The group arrives in Ars on 24 September in the evening. He is received by the Abbé Raymond, vicar of Ars, who expresses to Maximin a total incredulity with regard to the apparition of La Salette. The next morning, Maximin has a one-on-one interview with the Curé of Ars. After this interview, the priest, who until then had great confidence in the apparition of La Salette, declares to several people, in particular to ecclesiastics, that Maximin retracted. One of these ecclesiastics informs the episcopal commission in charge of investigating the apparition and Abbé Gerin, a member of this commission, comes at the end of October to hear the Curé of Ars.

Maximin is questioned about the Ars incident at the minor seminary of Grenoble and at the bishopric. On 2 November, he attested in writing, at the minor seminary, that the Curé of Ars had not questioned him either about the apparition of La Salette or about his secret and that, for his part, in his answers to the parish priest and the vicar of Ars, he said nothing that was contrary to what he had said to thousands of others since the apparition. The same day, he declared before a special commission meeting at the bishopric that he had not retracted in Ars, but that, not hearing the priest distinctly, he sometimes said yes and no at random. "This is at least how Rousselot presents his explanations" adds Father Stern. (Canon Rousselot considered himself the postulator of the cause of La Salette.) On November 8, Father Mélin, parish priest of Corps, and Canon Rousselot went to Ars. The Curé of Ars told them that Maximin confessed to him "that he had seen nothing and had lied when making his known story and had persisted in this lie for three years as he saw the good effects of it". On November 21, Maximin wrote ("one made him write", says Father Stern) a letter to the Curé of Ars in which he gave the following explanation: "Allow me to tell you in all sincerity , that there has been a complete misunderstanding on your part. I did not want to tell you, Father, and I never said seriously to anyone, that I had seen nothing and had lied by making my known story and had persisted in this lie for three years. as I saw the good effects of it. I only told you, Father, when I left the sacristy and on the door, that I saw something and that I didn't know if it was the Blessed Virgin or another lady. At this moment you were advancing through the crowd and our conversation ceased." According to Father Stern, the least that can be said of Maximin's various explanations is that they lack coherence. (Later, in 1865, Maximin would give yet another explanation: the lie he had confessed to the Curé of Ars did not concern the apparition, but a theft of cherries he had committed in road to Ars. "As if, remarks Father Stern, cherries grew in September!")
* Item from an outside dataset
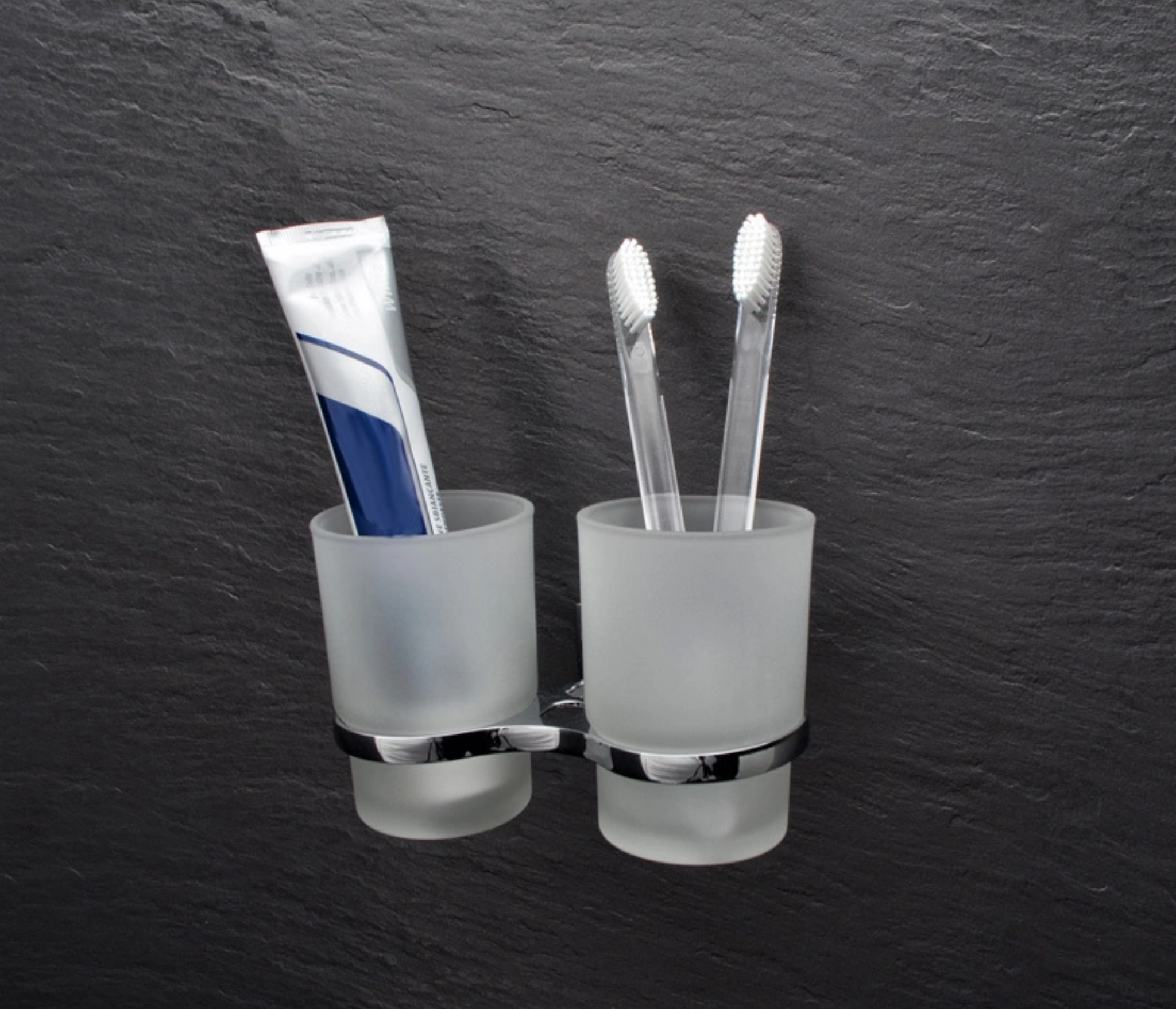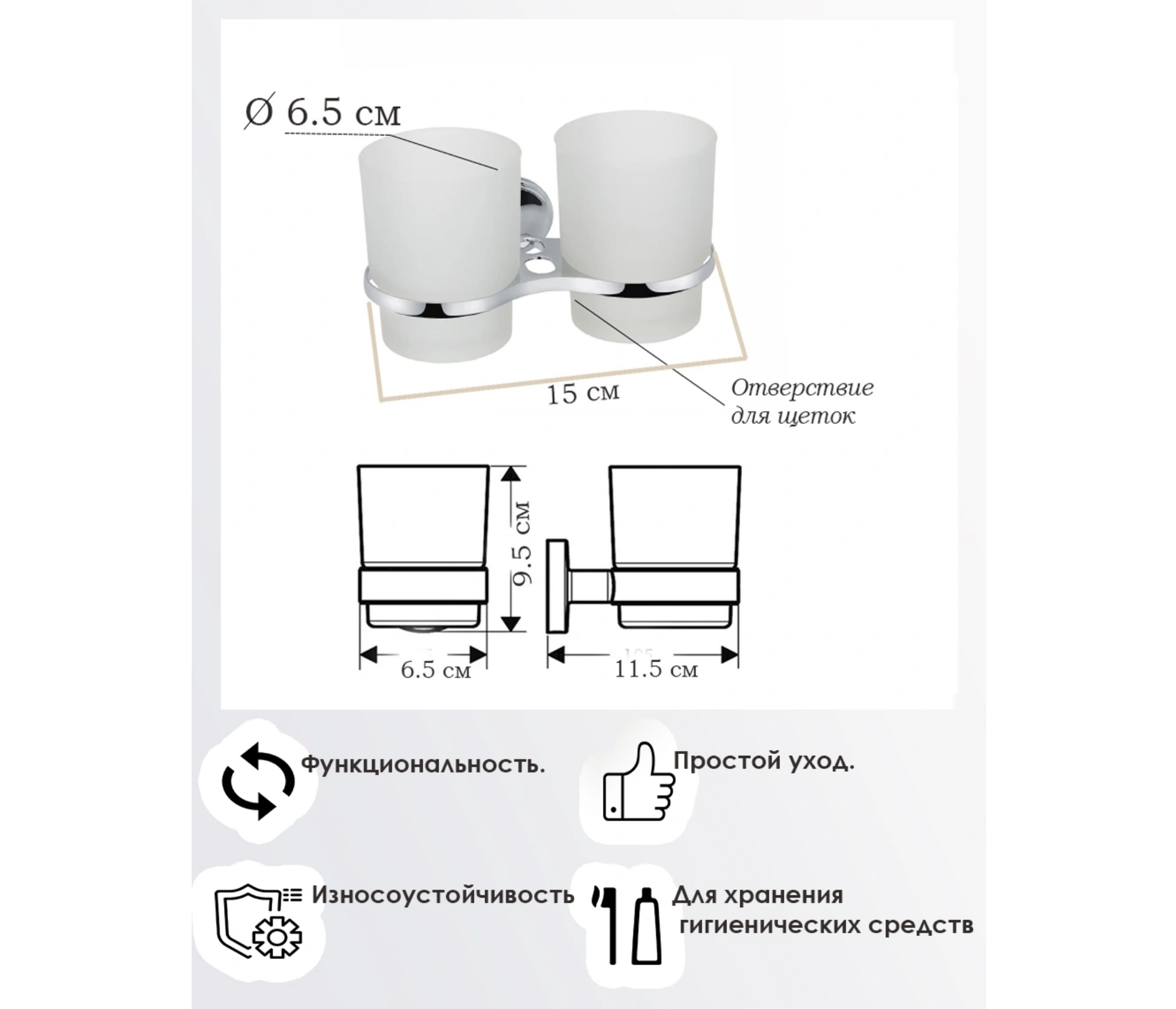Изделие монтируется к стене при помощи надежного крепежа, выполненного из металлического сплава с хромированным покрытием. Держатель не поддается коррозии, не деформируется и не отрывается от поверхности. Матовый стакан стойкий к перепадам температуры и воздействию бытовой химии. Современный эргономичный дизайн держателя отлично сочетается с любыми аксессуарами в ванной комнате.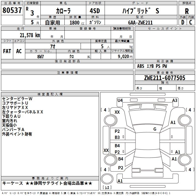 TOYOTA COROLLA HYBRID S - лот 80537

Bishop de Bruillard tended however to believe in the sincerity of Maximin's explanation by the misunderstanding. He supported this explanation in a letter he wrote to the Curé of Ars, as he forwarded to him that of Maximin: "During the recent visit to you by Canon Rousselot and M. Mélin, Pastor-Archpriest of Corps, you told these Gentlemen that Maximin had confessed to you 'that he had seen nothing and had lied in making his known story and had persisted in this lie for three years as he saw the good effects of it'. (...) Finally, you said to MM. Rousselot and Mélin that as a result of this interview with Maximin, you could no longer believe in the apparition of La Salette as before, and that you no longer believed in it. MM. Mélin and Rousselot told me all these things with a common voice. Now, such a change of opinion on your part, M. le Curé, which is more and more known, (for the very sake of the salvation of souls,) would be a very serious fact if the apparition is real, as believed nine bishops whom I consulted. If you misheard Maximin, as he affirms with all appearances of sincerity, in the judgment of several people who have my confidence, affirmation written in the attached document that the child addresses you very resolutely, you cannot exempt you from examining again, and you will not refuse to inform me of the result of this examination and of the opinion to which it may lead you. You understand, M. le Curé, that having encouraged the belief of the people in the apparition of La Salette, by the approval I gave to the publication of the reports drawn up by my order on this affair, you cannot put yourself in a kind of public opposition with me, without having the kindness to inform me of your reasons, since I have the honor to request them from you insistently."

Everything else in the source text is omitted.